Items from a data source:

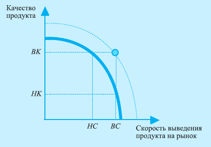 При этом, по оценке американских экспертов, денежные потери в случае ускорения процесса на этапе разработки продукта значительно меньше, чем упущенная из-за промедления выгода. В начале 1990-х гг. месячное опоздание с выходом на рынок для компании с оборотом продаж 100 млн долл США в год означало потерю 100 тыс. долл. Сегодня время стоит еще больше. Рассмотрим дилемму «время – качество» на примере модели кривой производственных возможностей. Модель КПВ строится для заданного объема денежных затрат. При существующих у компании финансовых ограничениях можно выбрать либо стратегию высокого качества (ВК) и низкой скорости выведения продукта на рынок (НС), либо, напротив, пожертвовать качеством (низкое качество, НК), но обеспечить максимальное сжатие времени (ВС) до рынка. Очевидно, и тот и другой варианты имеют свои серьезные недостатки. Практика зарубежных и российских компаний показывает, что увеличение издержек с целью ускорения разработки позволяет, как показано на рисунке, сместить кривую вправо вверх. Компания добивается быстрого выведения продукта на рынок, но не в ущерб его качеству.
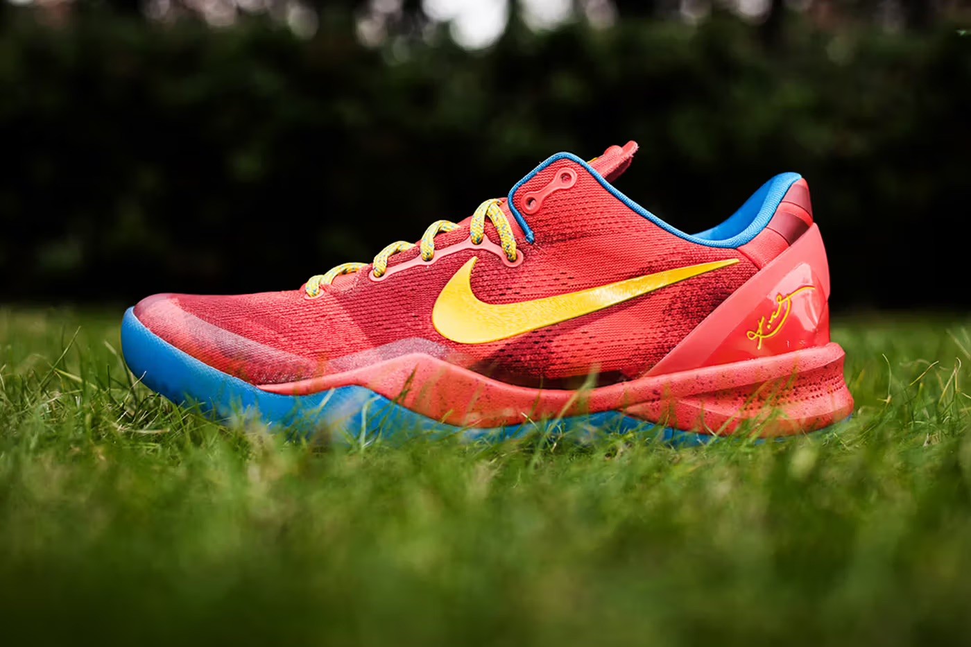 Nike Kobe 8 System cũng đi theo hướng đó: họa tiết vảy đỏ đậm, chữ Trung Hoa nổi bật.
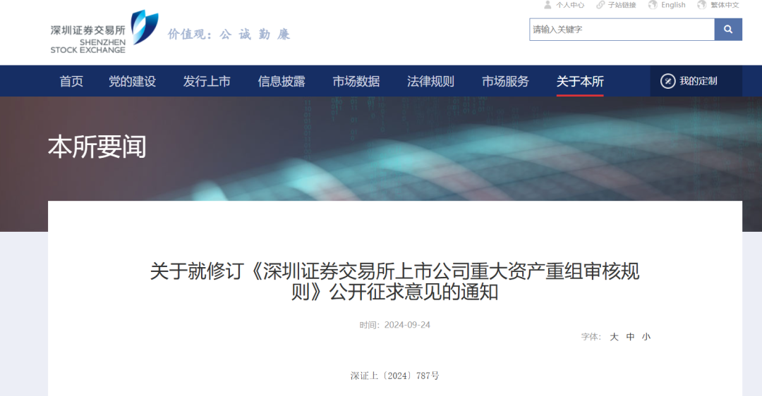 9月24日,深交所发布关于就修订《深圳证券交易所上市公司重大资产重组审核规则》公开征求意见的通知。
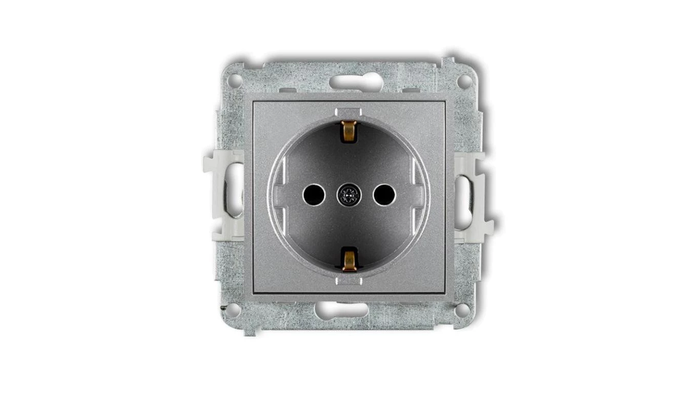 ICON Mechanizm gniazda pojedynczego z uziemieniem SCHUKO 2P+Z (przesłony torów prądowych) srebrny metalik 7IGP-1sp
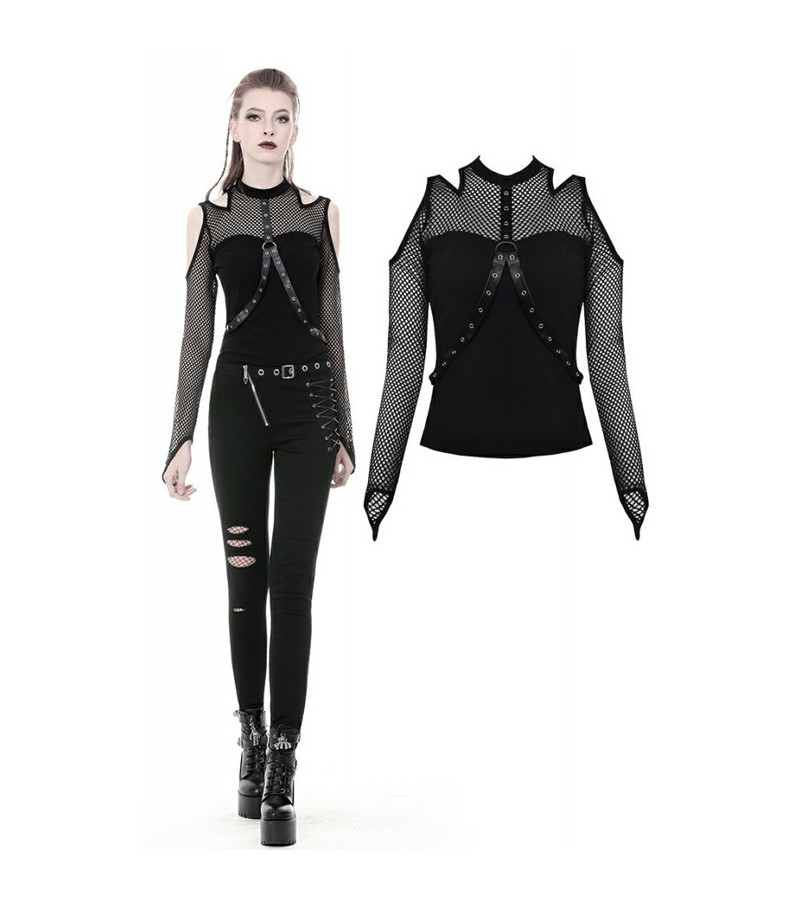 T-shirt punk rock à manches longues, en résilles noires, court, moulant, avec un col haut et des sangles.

• Exercise requirements:
Copy out each record shown above without alteration, skipping any picture.

• Answer:
 При этом, по оценке американских экспертов, денежные потери в случае ускорения процесса на этапе разработки продукта значительно меньше, чем упущенная из-за промедления выгода. В начале 1990-х гг. месячное опоздание с выходом на рынок для компании с оборотом продаж 100 млн долл США в год означало потерю 100 тыс. долл. Сегодня время стоит еще больше. Рассмотрим дилемму «время – качество» на примере модели кривой производственных возможностей. Модель КПВ строится для заданного объема денежных затрат. При существующих у компании финансовых ограничениях можно выбрать либо стратегию высокого качества (ВК) и низкой скорости выведения продукта на рынок (НС), либо, напротив, пожертвовать качеством (низкое качество, НК), но обеспечить максимальное сжатие времени (ВС) до рынка. Очевидно, и тот и другой варианты имеют свои серьезные недостатки. Практика зарубежных и российских компаний показывает, что увеличение издержек с целью ускорения разработки позволяет, как показано на рисунке, сместить кривую вправо вверх. Компания добивается быстрого выведения продукта на рынок, но не в ущерб его качеству.
 Nike Kobe 8 System cũng đi theo hướng đó: họa tiết vảy đỏ đậm, chữ Trung Hoa nổi bật.
 9月24日,深交所发布关于就修订《深圳证券交易所上市公司重大资产重组审核规则》公开征求意见的通知。
 ICON Mechanizm gniazda pojedynczego z uziemieniem SCHUKO 2P+Z (przesłony torów prądowych) srebrny metalik 7IGP-1sp
 T-shirt punk rock à manches longues, en résilles noires, court, moulant, avec un col haut et des sangles.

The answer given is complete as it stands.